Connect to http://localhost:7900 with noVNC in your browser to watch tests execute in real time.

Dynamic Grid

Dynamic Grid automatically creates and destroys Docker containers per test session. Instead of pre-provisioning nodes, the Grid spins up a fresh container when a session is requested and tears it down when the session ends.

Configuration

version: '3.8'

services:
  selenium-hub:
    image: selenium/hub:4.21.0
    ports:
      - "4442:4442"
      - "4443:4443"
      - "4444:4444"
    volumes:
      - ./config/dynamic-grid.toml:/opt/selenium/config.toml
      - /var/run/docker.sock:/var/run/docker.sock

Create config/dynamic-grid.toml:

[docker]
url = "unix:///var/run/docker.sock"
video-image = "selenium/video:ffmpeg-7.0-20240517"
configs = [
    "chrome", "{\"browserName\": \"chrome\"}", "selenium/node-chrome:4.21.0",
    "firefox", "{\"browserName\": \"firefox\"}", "selenium/node-firefox:4.21.0",
    "edge", "{\"browserName\": \"MicrosoftEdge\"}", "selenium/node-edge:4.21.0"
]

Benefits of Dynamic Grid

Clean state guarantee: Every test gets a fresh container with no leftover cookies, cache, or state from previous tests
Resource efficiency: Containers exist only during active sessions -- no idle nodes consuming resources
Automatic browser version management: Update the image tag to get a new browser version
Video recording per session: Each container can record its session independently

Connecting Tests to the Grid

Java with Selenium WebDriver

import org.openqa.selenium.WebDriver;
import org.openqa.selenium.remote.RemoteWebDriver;
import org.openqa.selenium.chrome.ChromeOptions;
import java.net.URL;

public class GridTest {
    private WebDriver driver;

    @BeforeEach
    void setUp() throws Exception {
        ChromeOptions options = new ChromeOptions();
        options.addArguments("--no-sandbox", "--disable-dev-shm-usage");

        driver = new RemoteWebDriver(
            new URL("http://localhost:4444/wd/hub"),
            options
        );
    }

    @Test
    void shouldLoadHomePage() {
        driver.get("https://example.com");
        assertEquals("Example Domain", driver.getTitle());
    }

    @AfterEach
    void tearDown() {
        if (driver != null) {
            driver.quit();
        }
    }
}

Python with pytest

import pytest
from selenium import webdriver
from selenium.webdriver.chrome.options import Options

@pytest.fixture
def driver():
    options = Options()
    options.add_argument("--no-sandbox")
    options.add_argument("--disable-dev-shm-usage")

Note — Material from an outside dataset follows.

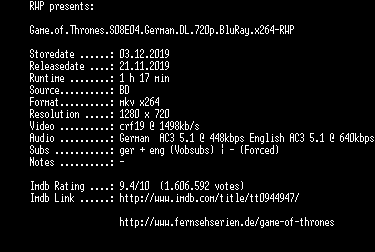 | FiLENAME: | Game.of.Thrones.S08E04.German.DL.720p.BluRay.x264-RWP.mkv |

    driver = webdriver.Remote(
        command_executor="http://localhost:4444/wd/hub",
        options=options
    )
    yield driver
    driver.quit()

def test_homepage(driver):
    driver.get("https://example.com")
    assert "Example Domain" in driver.title

TypeScript with WebDriverIO

// wdio.conf.ts
export const config = {
  hostname: 'localhost',
  port: 4444,
  path: '/wd/hub',
  capabilities: [{
    browserName: 'chrome',
    'goog:chromeOptions': {
      args: ['--no-sandbox', '--disable-dev-shm-usage'],
    },
  }],
  framework: 'mocha',
  specs: ['./test/**/*.ts'],
};

Playwright with Selenium Grid

Playwright can connect to Selenium Grid using the selenium channel:

import { test, expect } from '@playwright/test';

test('connect to Selenium Grid', async ({ browser }) => {
  const context = await browser.newContext();
  const page = await context.newPage();
  await page.goto('https://example.com');
  await expect(page).toHaveTitle('Example Domain');
  await context.close();
});

Configure in playwright.config.ts:

import { defineConfig } from '@playwright/test';

export default defineConfig({
  use: {
    connectOptions: {
      wsEndpoint: 'ws://localhost:4444',
    },
  },
});

Parallel Test Execution

Running tests in parallel against a Selenium Grid requires configuration at the test runner level.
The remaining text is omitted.